Today I found myself enthralled with the Nova documentary “Your Brain: Perception Deception”. Those interested will easily find it on YouTube.
The documentary explored some of the many ways our visual perception does not see everything because it physically can’t. To see everything would take more complex eyes and too much processing power, more than the human brain can accomplish, so the brain performs various short-cuts to estimate and predict the rest. It stitches together all these predicted estimates into what we think we see, but most of what we see within our field of view is just a guess created by our minds.
I love stuff like this. It challenges everything we believe to be true. I strongly believe that the human mind is unlikely able to understand the true universe, and in our struggle to do so we create rules that make sense to us, and we fail to see the rest because it’s too difficult to incorporate. Studies like those highlighted in the documentary prove that what we see isn’t everything; we only see what we expect to see not what’s actually there.
If one expects to see blue; they see blue. However, someone else may see white. One may hear the name Laurel when someone else hears Yanny. These conflicts aren’t from a flaw in anyone; it’s from each individual brain’s guess as to what it is. Both are right; both brains make separate realities based on what it believes it perceives.
As I let these concepts stew in my brain, I began to wonder about supernatural occurrences people report seeing, such as the “Shadow People” as they have come to be called in some circles.
People who see shadow people report that they quietly watch and follow, and exude a vibe that ranges from curiosity to threatening, often that latter. Some are even attacked by these shadow people. The reports have similarities to ghost sightings with the prime difference being shadow people are pitch black, even darker than nearby shadows and sometimes with visible eyes; they are often tied to shadows that they slip in and out of as if to allow them a place to hide and are able to use those same shadows to travel undetected by humans.
Even I once saw these shadow people peeking through a window at odd angles that would require a human to hang from the roof or stick to the side of the house. Most of them had red eyes and seemed to smile as if trying to scare me, but I don’t remember seeing any mouths. Granted this was after some serious sleep deprivation, so I chalked it up to my brain struggling with a lack of sleep.

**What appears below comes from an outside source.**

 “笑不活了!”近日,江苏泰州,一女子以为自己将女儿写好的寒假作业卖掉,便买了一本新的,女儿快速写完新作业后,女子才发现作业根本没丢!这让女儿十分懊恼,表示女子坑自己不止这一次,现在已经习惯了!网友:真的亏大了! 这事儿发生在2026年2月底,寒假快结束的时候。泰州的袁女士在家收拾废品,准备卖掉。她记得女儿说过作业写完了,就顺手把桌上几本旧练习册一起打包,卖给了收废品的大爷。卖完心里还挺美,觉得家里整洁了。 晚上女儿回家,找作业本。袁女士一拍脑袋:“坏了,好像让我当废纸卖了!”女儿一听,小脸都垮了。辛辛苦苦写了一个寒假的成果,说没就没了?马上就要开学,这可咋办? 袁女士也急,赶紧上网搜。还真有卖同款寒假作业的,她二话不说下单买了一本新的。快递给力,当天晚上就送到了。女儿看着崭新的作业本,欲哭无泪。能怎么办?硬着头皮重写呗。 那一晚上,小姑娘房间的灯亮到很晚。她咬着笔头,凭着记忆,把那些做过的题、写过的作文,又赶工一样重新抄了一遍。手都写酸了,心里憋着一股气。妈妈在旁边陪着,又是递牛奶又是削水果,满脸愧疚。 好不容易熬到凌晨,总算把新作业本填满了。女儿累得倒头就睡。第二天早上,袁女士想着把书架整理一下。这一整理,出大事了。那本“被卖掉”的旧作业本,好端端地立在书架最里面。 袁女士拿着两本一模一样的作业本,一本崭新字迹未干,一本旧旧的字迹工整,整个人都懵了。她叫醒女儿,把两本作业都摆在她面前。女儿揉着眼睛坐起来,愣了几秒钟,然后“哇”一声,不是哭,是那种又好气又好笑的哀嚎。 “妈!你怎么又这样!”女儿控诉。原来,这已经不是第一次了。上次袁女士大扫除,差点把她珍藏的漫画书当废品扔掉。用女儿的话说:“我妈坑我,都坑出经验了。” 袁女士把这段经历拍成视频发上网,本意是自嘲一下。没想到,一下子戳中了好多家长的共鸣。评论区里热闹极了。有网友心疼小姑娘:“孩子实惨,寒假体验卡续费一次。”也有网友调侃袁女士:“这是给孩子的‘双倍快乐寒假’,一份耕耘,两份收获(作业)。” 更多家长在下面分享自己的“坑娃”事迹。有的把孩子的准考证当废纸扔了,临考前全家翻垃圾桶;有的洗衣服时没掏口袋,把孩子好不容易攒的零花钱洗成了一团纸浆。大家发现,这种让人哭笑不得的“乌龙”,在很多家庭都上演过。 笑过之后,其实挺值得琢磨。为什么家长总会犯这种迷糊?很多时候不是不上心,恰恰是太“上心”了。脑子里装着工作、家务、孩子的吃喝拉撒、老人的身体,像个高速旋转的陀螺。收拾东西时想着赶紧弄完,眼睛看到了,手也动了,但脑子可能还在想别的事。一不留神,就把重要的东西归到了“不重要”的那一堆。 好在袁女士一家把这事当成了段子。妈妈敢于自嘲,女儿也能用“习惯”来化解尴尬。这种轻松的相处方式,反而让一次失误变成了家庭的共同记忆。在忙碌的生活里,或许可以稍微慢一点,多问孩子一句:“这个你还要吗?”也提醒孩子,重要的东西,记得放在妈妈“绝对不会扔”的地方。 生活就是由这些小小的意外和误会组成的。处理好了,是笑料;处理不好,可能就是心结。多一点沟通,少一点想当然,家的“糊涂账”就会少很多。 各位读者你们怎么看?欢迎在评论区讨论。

But the unsettling sense of fear still seems anchored to that memory.
Since tests prove most of what we see are guesses made by the brain, are these brains inclined to believe in ghosts or shadow people so they incorporate that belief into its estimation, along with inquiring or fear sensations, or do these brains sense something just out of reach of regular perception and fails at guessing what it is and scares itself because it doesn’t know how to interpret the sensation?
Both avenues are fascinating and unsettling. We know so little about our reality and our brain’s functions it takes to guess at what that reality is. I’m not sure we’ll ever know, but I admire the scientists who dare question reality so that maybe one day we might be able to have a better guess as what is really there for those who see nothing and for those who see fear.